First time I ever tried the gelatin trick, and I gotta say, I have never made beer this clear before. Amazingly clear. Awesome.
Took a few sips from the graduated cylinder -- tasted a bit overly-malty, but I think there was some of that sweetness that was trying to come through. Hoping bottle conditioning will mellow it out and make it reasonably close to original Newcastle.

Holy crap man. Mine was with a lot of the other people at around 3.8%.
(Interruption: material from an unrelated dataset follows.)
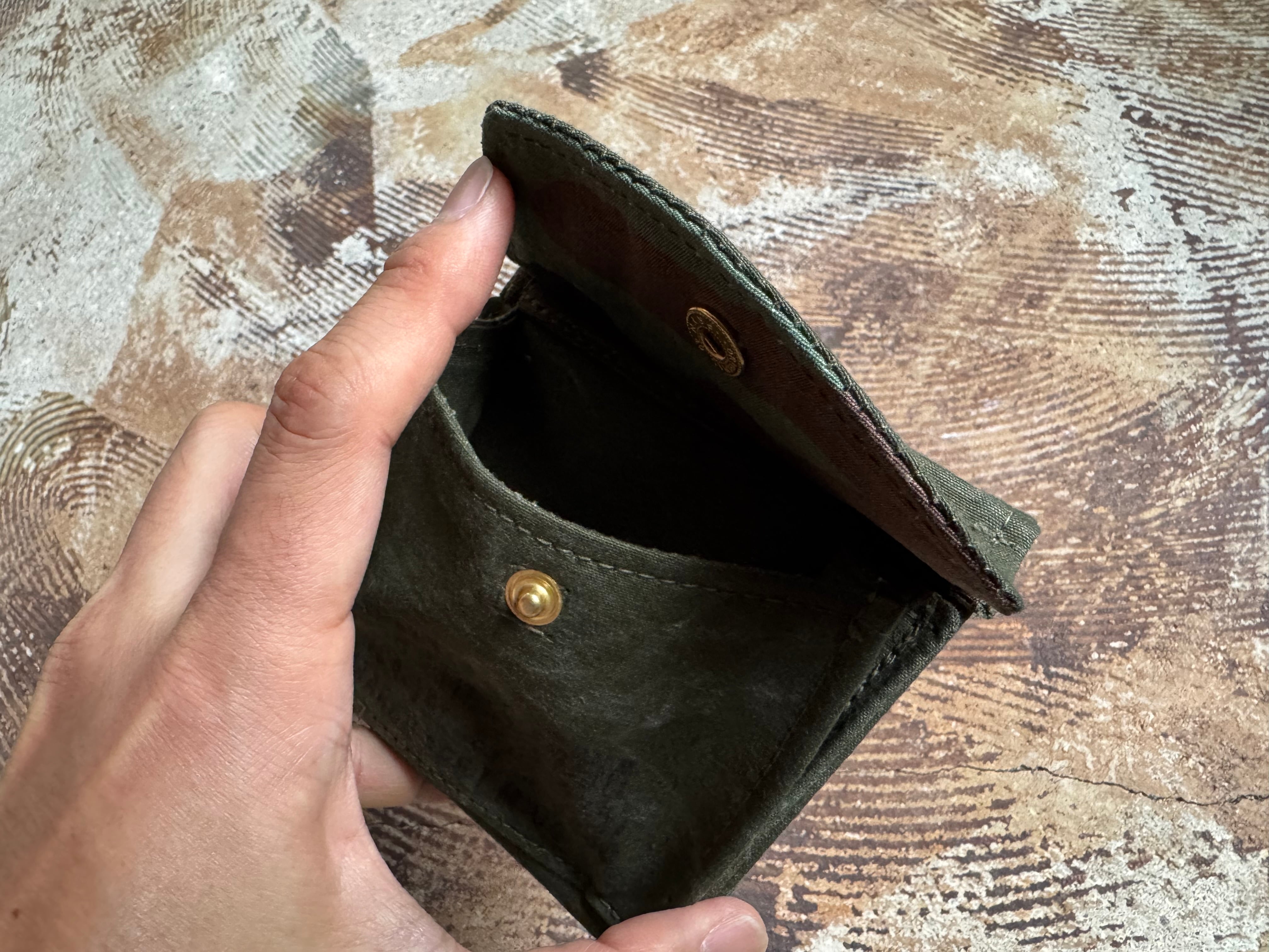 ヴィンテージの生地を使い、3つ折り財布を製作しました。

I'm thinking about making this again, but as a winter type beer. I will add 2 lbs of 2-row jacking up the OG.
 
Bottled tonight. It tasted a little roastier than I anticipated since I omitted the roasted barley, but otherwise it was yummy. I'll check on it again after 3 weeks in the bottle.

It's been in the bottle for 5 weeks now and that roastiness is still kind of overpowering. This is only the 2nd partial mash I have done, and each of them had .25 lb of pale chocolate malt. I guess I'll have to get some real newcastle to compare them side by side but I think if I make this again I might have to cut down on the chocolate malt even more or cut it out completely. Or did I just use the wrong type of chocolate malt?
 
I've been drinking this the past week and it is mighty tasty! I think the ABV is a little higher than I read, but I've never been good at getting accurate readings.
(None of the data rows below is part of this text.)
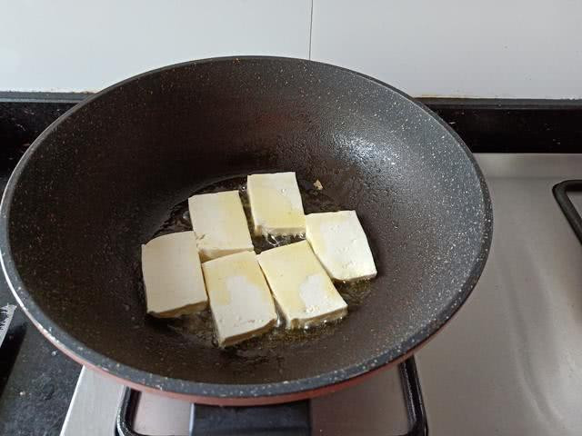 4.锅内加油,烧热,改中火,左手拿豆腐,右手拿铲子或刀,把豆腐一片片切下入锅。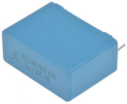 This is 1μF Polypropylene Capacitor PP 1.05 kV dc 875 V dc ±5% Tolerance B32674 Series manufactured by EPCOS. The manufacturer part number is B32674D8105J000. The given dimensions of the product include 31.5 x 13.5 x 23mm. Furthermore, the lead has 0.8mm diameter. The product b32674, is a highly preferred choice for users. It has 22.2mω equivalent series resistance. Its accurate length is 31.5mm. It provides a dissipation factor of ≤0.005 %@ 1khz. In addition, the height is 23mm. It provides a 1 µf of capacitance value. The product comes in 13.5mm depth. It carries a 1.05 kv dc, 875 v dc of voltage. Whereas, the minimum operating temperature of the product is -40°c. The lead is 6mm long. The lead features 27.5mm pitch. It has a maximum operating temperature of +105°c. It features ±5% of tolerance value. The terminal is a radial type. Whereas its dielectric material family is metallised polypropylene film.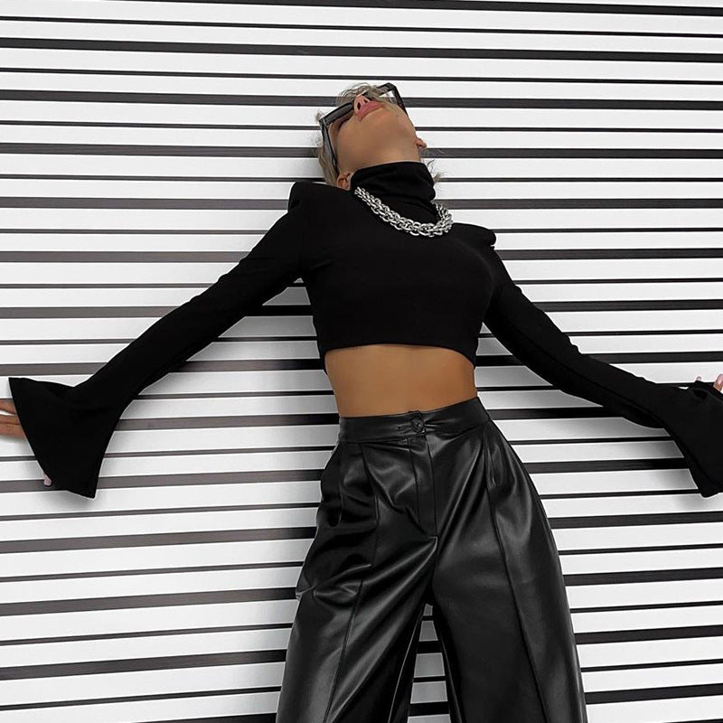 Women's Autumn And Winter New Clean Color Pile Collar Fashion Horn Sleeve Hottie Top DJPT

Looking at my glass the other night I commented to my wife I think this is one of the best beers I've made.

I'm not a big Newcastle fan, but this has a bit more flavor. Definitely going to be in the upcoming rotation!
 
Mine's been bottled for almost a month now, and I jsut cracked one. Verrry tasty, not far off from Newcastle. Maybe a slightly more malty, as was the idea behind the recipe. Very satisfied.
 
It's been in the bottle for 5 weeks now and that roastiness is still kind of overpowering. This is only the 2nd partial mash I have done, and each of them had .25 lb of pale chocolate malt. I guess I'll have to get some real newcastle to compare them side by side but I think if I make this again I might have to cut down on the chocolate malt even more or cut it out completely. Or did I just use the wrong type of chocolate malt?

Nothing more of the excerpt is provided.